Гриша только улыбался в ответ. Единственное, в чём он проявлял строптивость, — это в желании видеть людей хорошими.

— А ну-ка, расскажите мне, Гриша, как шатия-братия меня за глаза зовёт. Да не ссыте, говорите прямо, раз прошу!

— Вас называют крокодилом, шеф. Мол, жрёте по-крупному и плаваете в мутной воде. А если вытащить из той воды на солнце — пресмыкаетесь и слёзы роняете.

— Ох, бездари, даже злословить изящно не умеют! С воображением туговато. В одном они правы, Гриша: яйца у меня имеются. И побольше, чем у других. Ещё как называют?

— Чеширским Котом от кинематографа.

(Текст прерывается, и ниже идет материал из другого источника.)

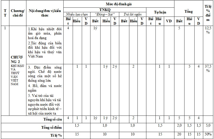 Lưu ý: Bộ đề thi cuối kì 1 Địa lí 8 Chân trời sáng tạo có cấu trúc như sau. Tùy theo yêu cầu của từng Sở mà thầy cô ra đề cho các em nhé.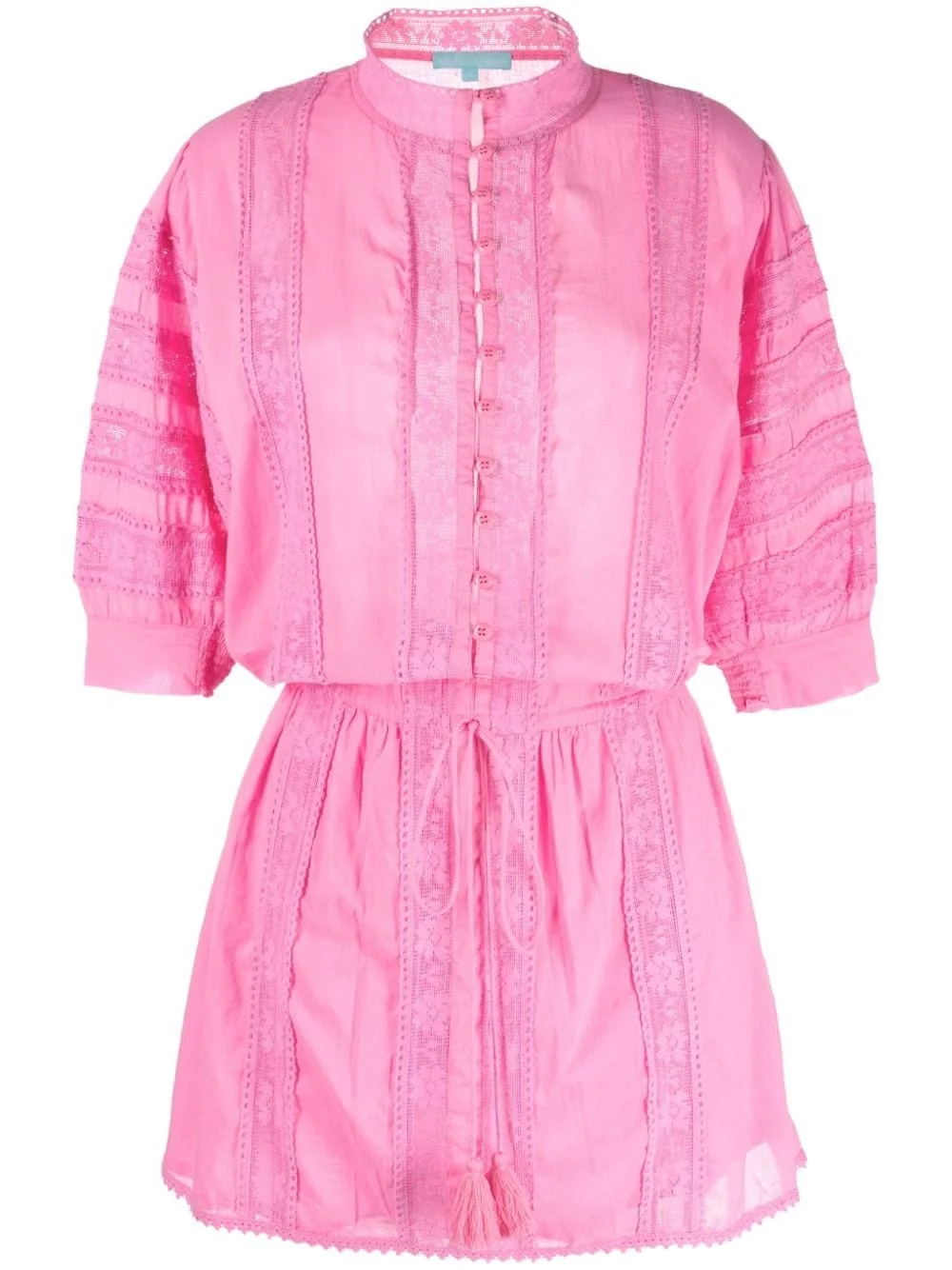Rita cotton minidress Highlights - Pink - Cotton - Tonal stitching - Lace detailing - Tassel detail - Round neck - Front button fastening - Half-length sleeves - Drawstring waist - Straight hem - Thigh-length Imported Composition Cotton 100% SIZE & FIT Model measurements Height 5 ft 10 in(1.78 m) Bust/Chest 30.31 in(77 cm) Hips 34.64 in(88 cm) Waist 24.01 in(61 cm) FittingInformation Designed to be unstructured, offering a loose fit throughout The belt offers adjustability for fitted preferences Made from a lightweight non-stretch fabric This piece fits true to size – take your usual size Washing instructions Hand Wash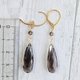 天然宝石耳环 烟水晶 18金PVD镀金防 过敏挂勾款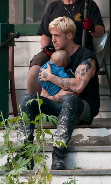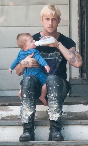 Onko mitään suloisempaa kuin komea mies sylissään söpö vauva? Ryan Gosling nähtiin syöttämässä pientä vastanäyttelijäänsä uuden elokuvansa kuvausten tauolla. Gosling kuvaa parhaillaan New Yorkissa The Place Beyond The Pines -leffaa, joka kertoo rikolliselle uralla kääntyvästä perheenisästä.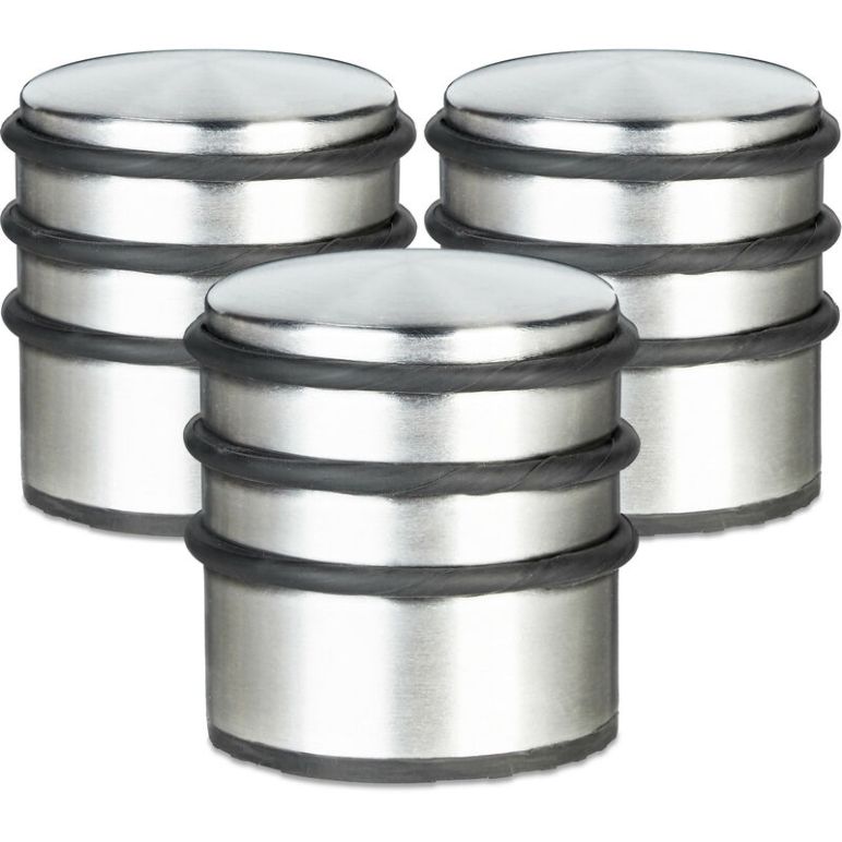 3x Türstopper, Türfeststeller, Türpuffer, Edelstahl, hoch, schwere Türen, Gummischutz, h x d: 7,5 x 7 cm, silber

То ли вы есть в искусстве, а то ли нет. И определённо имеется одно-единственное — ваша улыбка.

— Браво! Уже лучше. Вот возьму и стану им назло Чеширским Котом, только мартовским — буду исчезать, оставляя после себя не улыбку, а стоячий хер… Вы-то сами как считаете, Гриша, крокодил я или чеширец?

— Я считаю, что вы гений.

— Ну вот, единственный разумный человек на всю Москву.

— Что вы лучший педагог и просветитель из всех, кого я встречал.

— Продолжай, не останавливайся! Ещё, mon dieu, ещё!

— А ещё — идеал советского деятеля искусства! Это всё.

— Got over the mountain[3], как сказал бы наш Кот… Гриша, вас нужно срочно назначить на руководящий пост в Госкино или куда повыше. Согласны?

— Да.

— Вот и договорились. Главное, не забудь потом про меня, гражданин начальник.

— Я вас никогда не забуду…

Будущее, что ждало Гришу и всю Советскую страну, было ослепительно прекрасно. В нём не было места тифозным баракам, набитым умирающими вперемешку с уже умершими. Детям с чёрными от цинги улыбками. Мужикам в юбках, чьи распухшие от голода ноги не влезают в штаны, и женщинам, рожающим мёртвых детей. В ослепительно прекрасном будущем не было места бесконечной войне.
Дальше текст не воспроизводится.